Your objective: Please reproduce the data exactly, excluding any pictures it contains.

Dataset section:
╔══
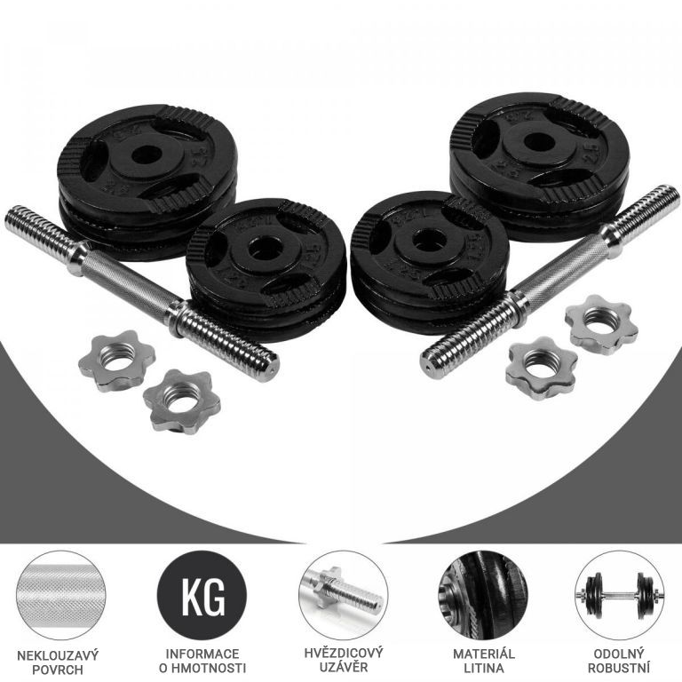 Tréning s činkami má svoje miesto takmer v každom tréningovom pláne. Praktické úchyty zaisťujú dodatočnú bezpečnosť záťažových kotúčov. Sada činiek v čiernej farbe zaujme aj svojím jednoduchým dizajnom. Označenie KG je na všetkých kotúčoch. Otvor je vhodný pre všetky štandardné tyče s priemerom 30 mm.
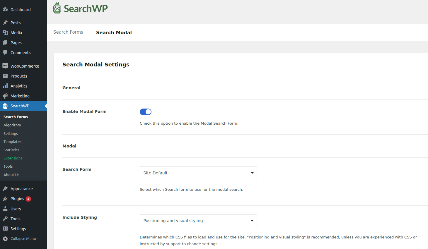 A toggle to enable or disable the SearchWP modal form functionality on your website.
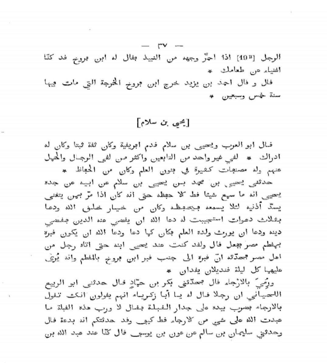 قَالَ أَبُو الْعَرَبِ: ويَحْيَى بْنُ سَلامٍ، قَدِمَ إِفْرِيقِيَّةَ، وَكَانَ ثِقَةً ثَبْتًا، وَكَانَ لَهُ إِدْرَاكٌ، لَقِيَ غَيْرَ وَاحِدٍ مِنَ التَّابِعِينَ، وَأَكْثَرَ مِنْ لُقِيِّ الرِّجَالِ وَالْحَمْلِ عَنْهُمْ، وَلَهُ مُصَنَّفَاتٌ كَثِيرَةٌ فِي فُنُونِ الْعِلْمِ، وَكَانَ مِنَ الْحُفَّاظِ.
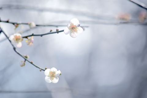 梅花不争不显不露,只是自己悄悄地绽放。初开时花蕊含苞,好像在静静地,默默地等待那个最佳时刻,充分展示自己最美妙的身姿。
╚══
Result:
 Tréning s činkami má svoje miesto takmer v každom tréningovom pláne. Praktické úchyty zaisťujú dodatočnú bezpečnosť záťažových kotúčov. Sada činiek v čiernej farbe zaujme aj svojím jednoduchým dizajnom. Označenie KG je na všetkých kotúčoch. Otvor je vhodný pre všetky štandardné tyče s priemerom 30 mm.
 A toggle to enable or disable the SearchWP modal form functionality on your website.
 قَالَ أَبُو الْعَرَبِ: ويَحْيَى بْنُ سَلامٍ، قَدِمَ إِفْرِيقِيَّةَ، وَكَانَ ثِقَةً ثَبْتًا، وَكَانَ لَهُ إِدْرَاكٌ، لَقِيَ غَيْرَ وَاحِدٍ مِنَ التَّابِعِينَ، وَأَكْثَرَ مِنْ لُقِيِّ الرِّجَالِ وَالْحَمْلِ عَنْهُمْ، وَلَهُ مُصَنَّفَاتٌ كَثِيرَةٌ فِي فُنُونِ الْعِلْمِ، وَكَانَ مِنَ الْحُفَّاظِ.
 梅花不争不显不露,只是自己悄悄地绽放。初开时花蕊含苞,好像在静静地,默默地等待那个最佳时刻,充分展示自己最美妙的身姿。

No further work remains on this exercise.